Na entrevista a seguir, a pesquisadora detalha que é preciso que se tenha clareza do que compõe investimentos e ações concretas que podem garantir segurança em termos sanitários e de saúde. “Não deve haver teto de gastos para a saúde pública, que deve ser uma prioridade nacional”, dispara, em alusão a medidas provisórios no Brasil que restringem os investimentos públicos no setor. E acrescenta: “é preciso lembrar sempre que a saúde tem determinantes sociais poderosos. Sem democracia, sem ciência, sem educação, sem renda, sem políticas sociais e sem direitos, seguiremos muito doentes, em diversos sentidos”.
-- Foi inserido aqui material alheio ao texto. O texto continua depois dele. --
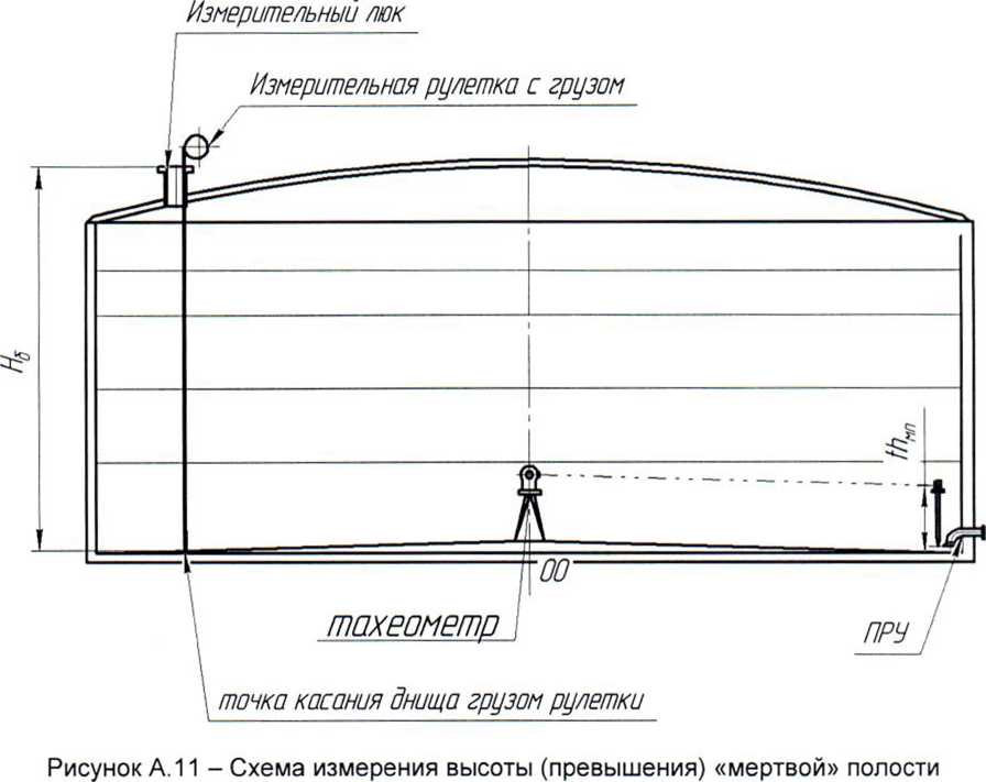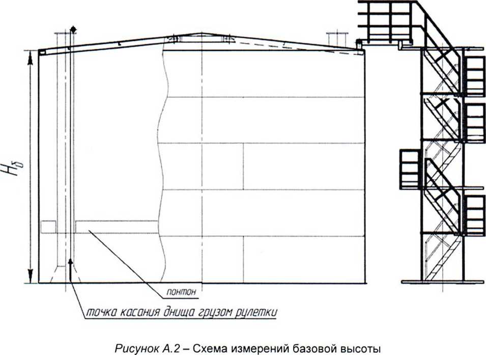 3.10 базовая высота резервуара: Расстояние по вертикале от точки касания днища грузом рулетки до верхнего края измерительного люка или до риски направляющей планки измерительного люка (при наличии)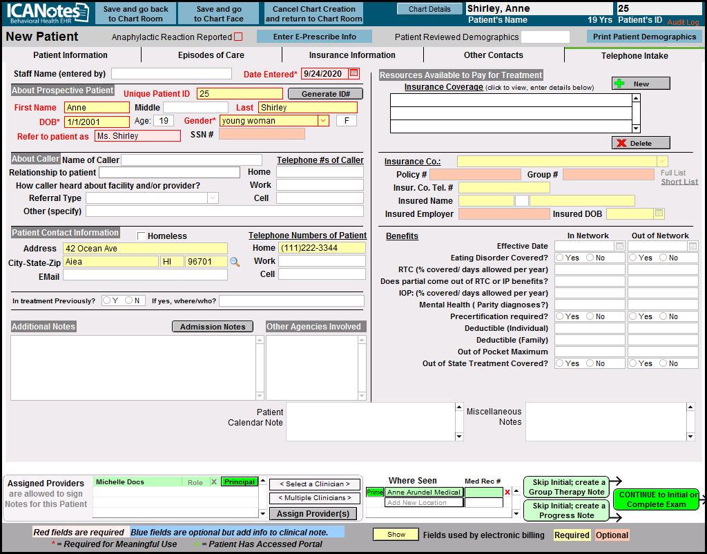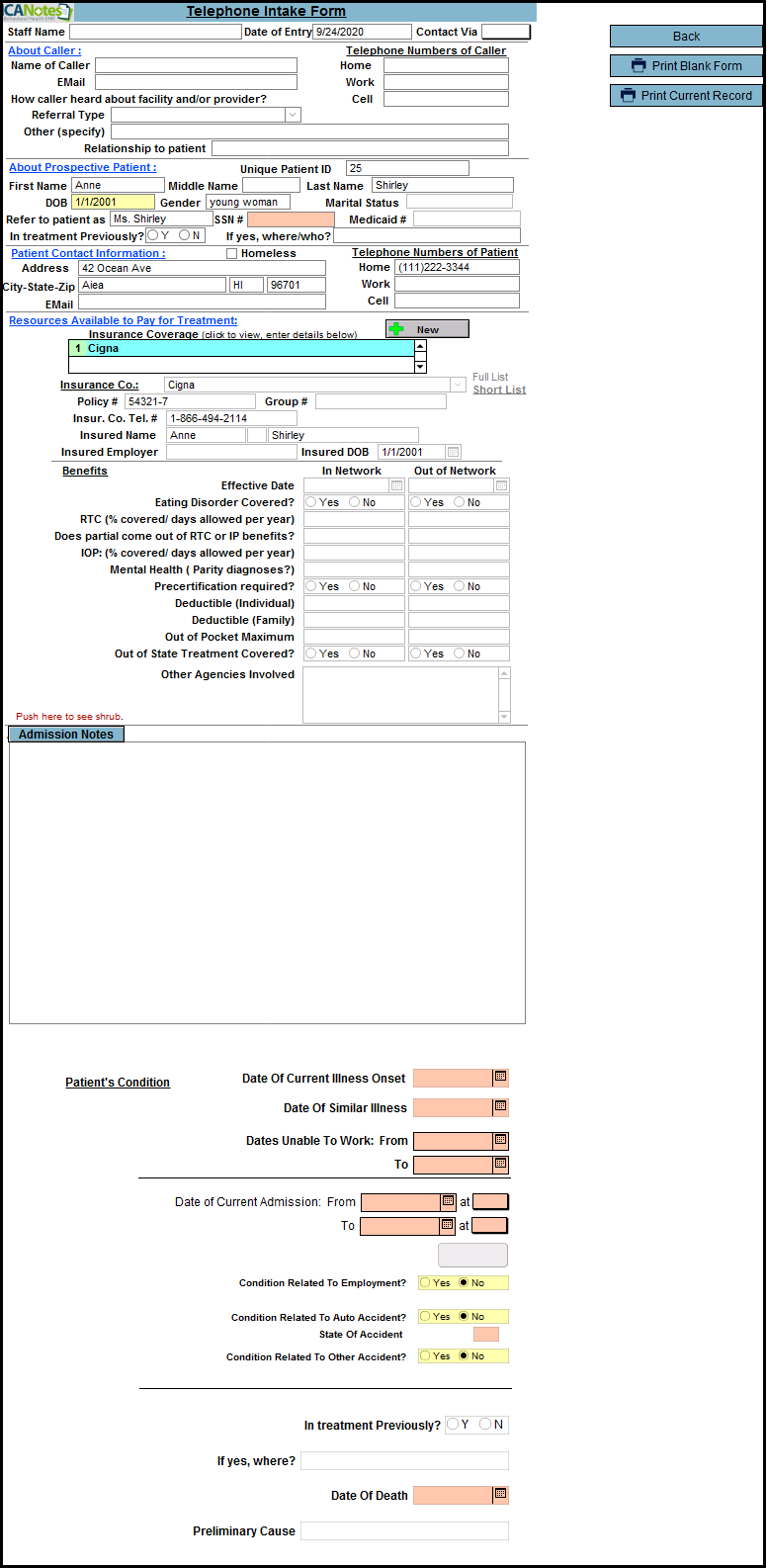 After the initial save, the Telephone Intake Form looks like this, and can be printed.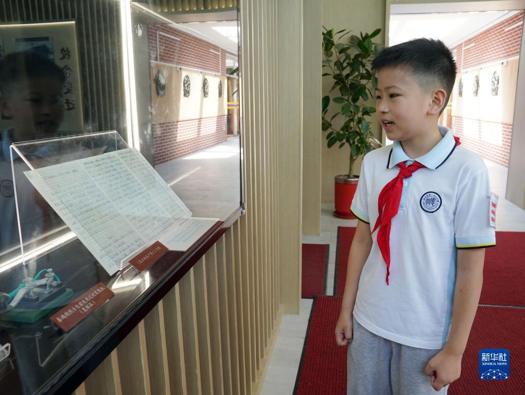5月25日,徐匯區第一中心小學(xué)的學(xué)生、秦鴻鈞烈士的重孫秦翊凱在介紹校史陳列廳展示的太爺爺、太奶奶的手稿和遺物。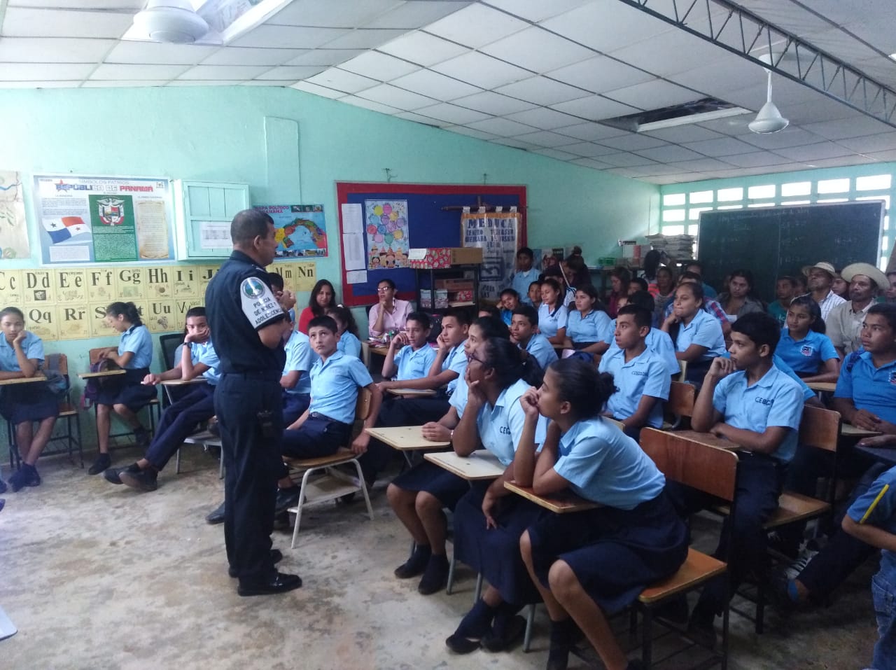 Unidades del Servicio de Niñez y Adolescencia de la Zona Policial de Herrera capacitaron a padres de familia y estudiantes del Centro de Educación Básica General Quebrada El Rosario del distrito de Las Minas, sobre Prevención de Drogas y la Ley 40, donde se beneficiaron más de 80 personas de esa comunidad. Las unidades policiales también orientaron a los participantes sobre los temas relacionado con la responsabilidad paterna y de los deberes y derechos de los menores de edad y otros temas de seguridad. Hay que indicar que la Policía Nacional en Herrera está llevando estos programas de desarrollos humanos con charlas, a planteles educativos de difícil acceso y realizamos acercamiento a estudiantes de diferentes edades.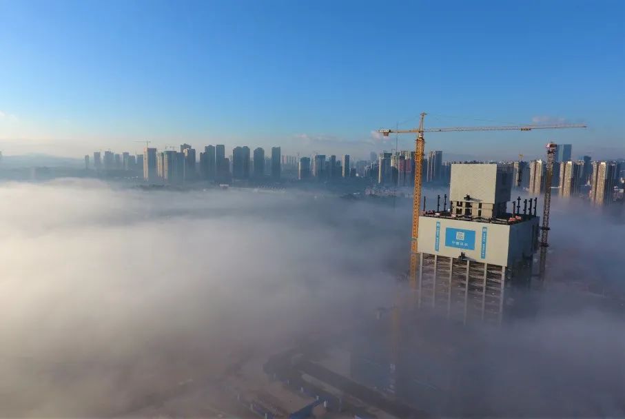 项目部打破常规。宏观上,在对角线高低塔吊配合下,核心筒先行,钢结构紧随,楼层见缝插“板”,芝麻开花般逐渐形成节节向上之势。在施工细节上,项目创新提出双流水施工作业法,即在垂直和水平两个方向,同时展开流水施工作业。

Deisy ainda analisa o surgimento e o avanço da Covid-19 no mundo, bem como a resposta à doença e as dificuldades até mesmo de países desenvolvidos. “Há países desenvolvidos com sistemas de saúde geradores de grandes iniquidades, como é o caso dos Estados Unidos, onde doenças podem jogar rapidamente milhares de pessoas na pobreza absoluta”, observa. “Quando a detecção de uma doença depende do pagamento de uma consulta ou teste, já se vê que não há segurança sanitária para ninguém”, conclui.

E se em países desenvolvidos é grande o impacto da Covid-19, a pesquisadora diz que, por ainda se saber pouco da doença, não se tem noção de como os países mais pobres podem sofrer. “O Regulamento Sanitário Internacional da OMS, vigente em 196 países, foi acionado. Sem ele seria bem pior”, diz. No entanto, reconhece que “as capacidades de implementação requeridas pelo Regulamento estão longe de ser efetivas em dezenas de países, simplesmente porque eles não possuem um sistema de saúde à altura, tanto em capacidade de notificação de eventos como de resposta, a maioria em razão da pobreza”.
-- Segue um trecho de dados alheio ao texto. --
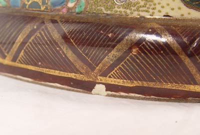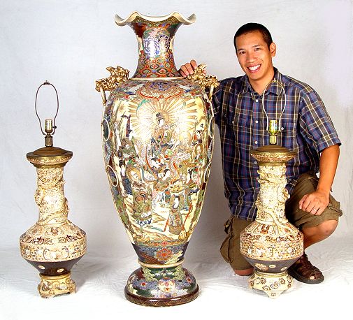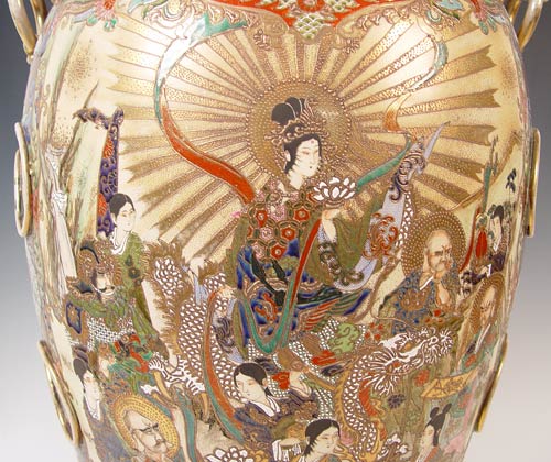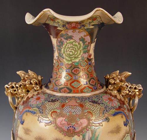 JAPANESE SATSUMA EARTHENWARE PALACE SIZE VASE: 48'' tall, flared rims, foo dog handles, small chip on underside of base.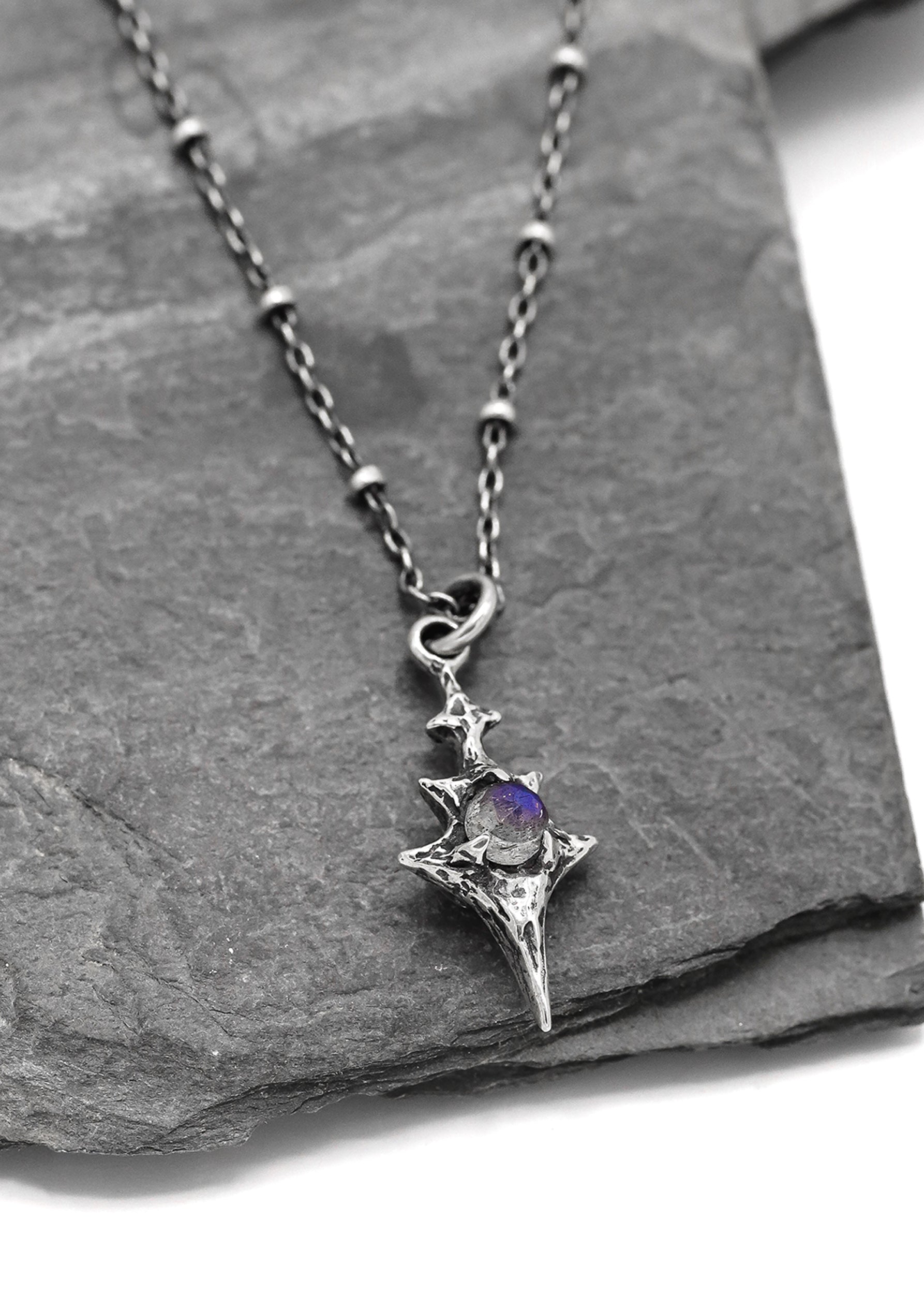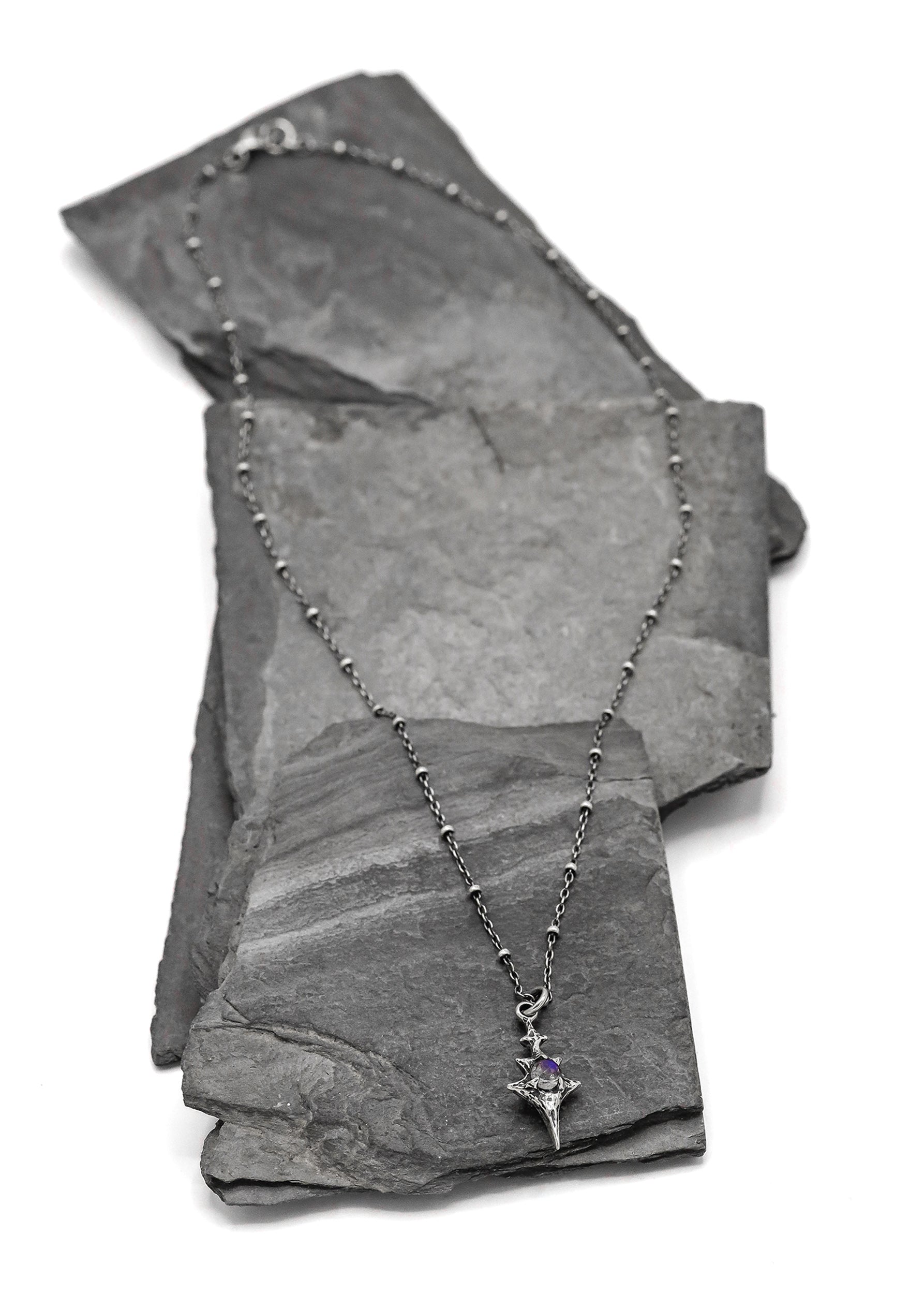 A spiked sterling silver pendant, set with a garnet, sits upon a 16 inch/ 40 cm antique matte finish sterling silver satellite chain

Deisy Ventura é professora titular de Ética da Faculdade de Saúde Pública da Universidade de São Paulo – USP, onde é chefe do Departamento de Saúde Ambiental e coordenadora do Programa de Pós-Graduação em Saúde Global e Sustentabilidade. Também é professora do Programa de Pós-graduação em Relações Internacionais do Instituto de Relações Internacionais da USP. Possui doutorado em Direito Internacional e mestrado em Direito Comunitário e Europeu pela Universidade de Paris 1, Panthéon-Sorbonne, graduação em Direito e mestrado em Integração Latino-americana pela Universidade Federal de Santa Maria – UFSM. Entre seus livros publicados, destacamos Saúde de migrantes e refugiados (Rio de Janeiro: Editora Fiocruz, 2019) e Direito e saúde global – O caso da pandemia de gripe A (H1N1) (São Paulo: Outras Expressões/Dobra Editorial, 2013).

 

O que essa pandemia de coronavírus revela sobre o nosso tempo?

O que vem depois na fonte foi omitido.